# DATA PROVIDED
- Opening Delimiter -

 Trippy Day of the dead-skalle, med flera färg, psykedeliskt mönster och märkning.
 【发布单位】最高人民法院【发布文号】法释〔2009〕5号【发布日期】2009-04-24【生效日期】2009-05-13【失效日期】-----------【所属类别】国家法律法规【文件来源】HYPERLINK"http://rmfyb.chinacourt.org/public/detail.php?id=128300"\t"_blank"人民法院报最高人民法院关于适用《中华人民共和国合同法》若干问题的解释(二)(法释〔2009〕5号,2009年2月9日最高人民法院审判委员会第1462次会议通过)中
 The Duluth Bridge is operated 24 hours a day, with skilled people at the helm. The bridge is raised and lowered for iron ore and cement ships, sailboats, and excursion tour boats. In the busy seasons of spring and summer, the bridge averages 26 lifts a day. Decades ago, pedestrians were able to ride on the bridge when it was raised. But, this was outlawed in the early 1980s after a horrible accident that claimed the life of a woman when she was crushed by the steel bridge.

- Closing Delimiter -
- Opening Delimiter -

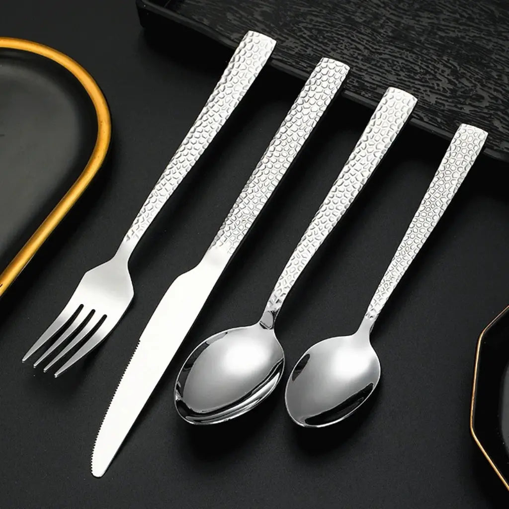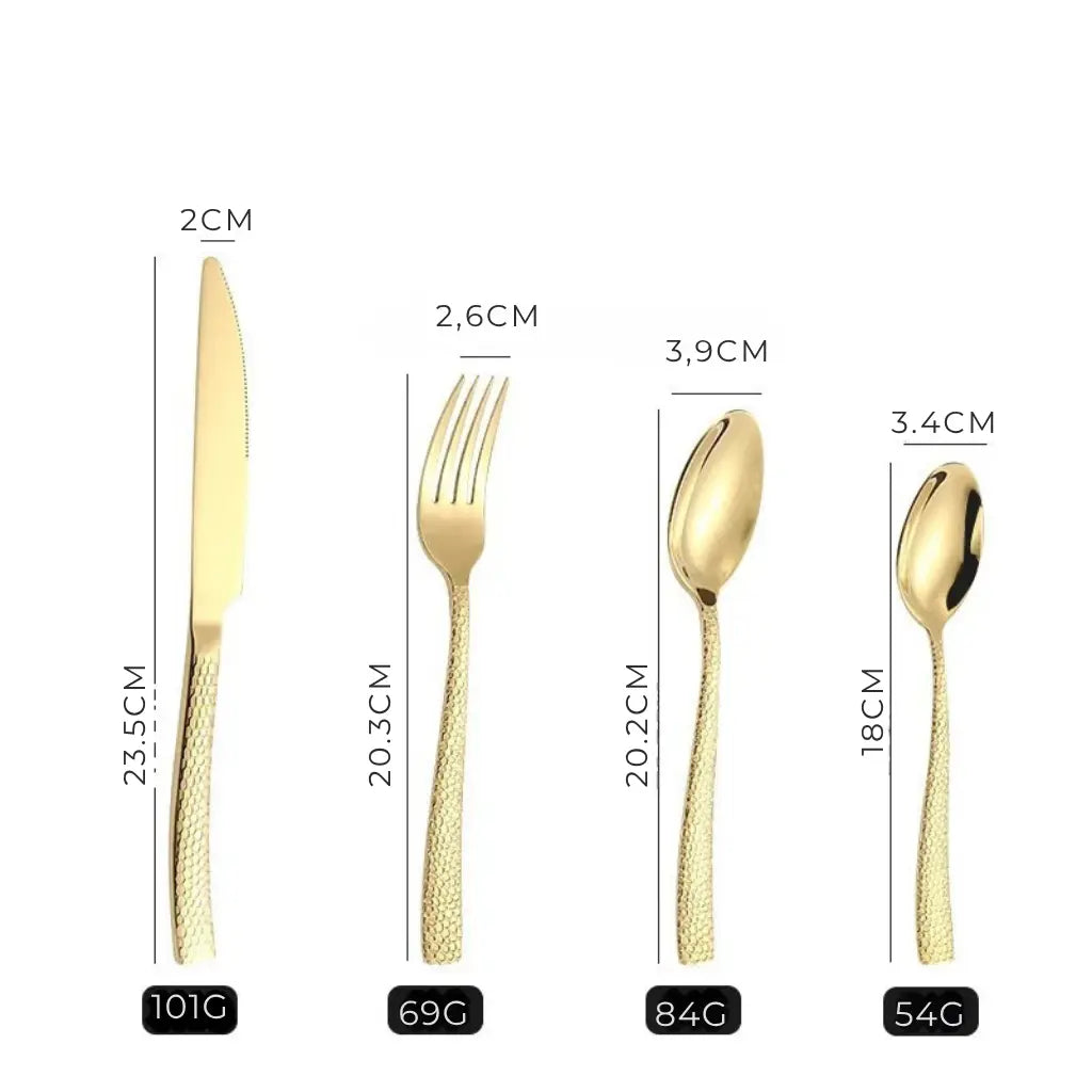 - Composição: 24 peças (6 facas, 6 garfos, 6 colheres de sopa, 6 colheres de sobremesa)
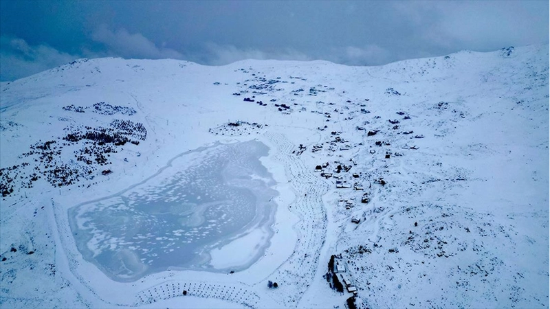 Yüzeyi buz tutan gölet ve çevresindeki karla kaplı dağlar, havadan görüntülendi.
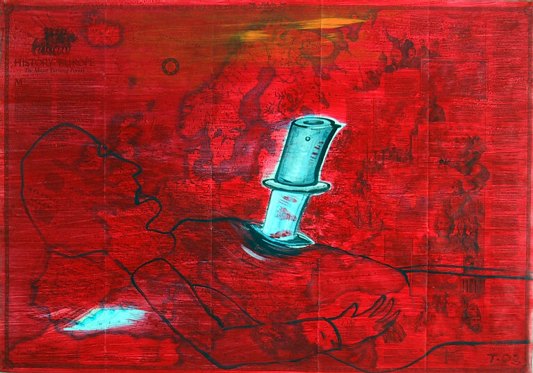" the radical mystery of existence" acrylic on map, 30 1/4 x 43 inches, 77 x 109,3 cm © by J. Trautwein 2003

- Closing Delimiter -

# EXERCISE DIRECTIONS
Only those lines of the entries above that run from the line containing "Trippy Day of" to the line containing "The Duluth Bridge", both included, should be transcribed exactly.

# REPLY TO THE TASK
 Trippy Day of the dead-skalle, med flera färg, psykedeliskt mönster och märkning.
 【发布单位】最高人民法院【发布文号】法释〔2009〕5号【发布日期】2009-04-24【生效日期】2009-05-13【失效日期】-----------【所属类别】国家法律法规【文件来源】HYPERLINK"http://rmfyb.chinacourt.org/public/detail.php?id=128300"\t"_blank"人民法院报最高人民法院关于适用《中华人民共和国合同法》若干问题的解释(二)(法释〔2009〕5号,2009年2月9日最高人民法院审判委员会第1462次会议通过)中
 The Duluth Bridge is operated 24 hours a day, with skilled people at the helm. The bridge is raised and lowered for iron ore and cement ships, sailboats, and excursion tour boats. In the busy seasons of spring and summer, the bridge averages 26 lifts a day. Decades ago, pedestrians were able to ride on the bridge when it was raised. But, this was outlawed in the early 1980s after a horrible accident that claimed the life of a woman when she was crushed by the steel bridge.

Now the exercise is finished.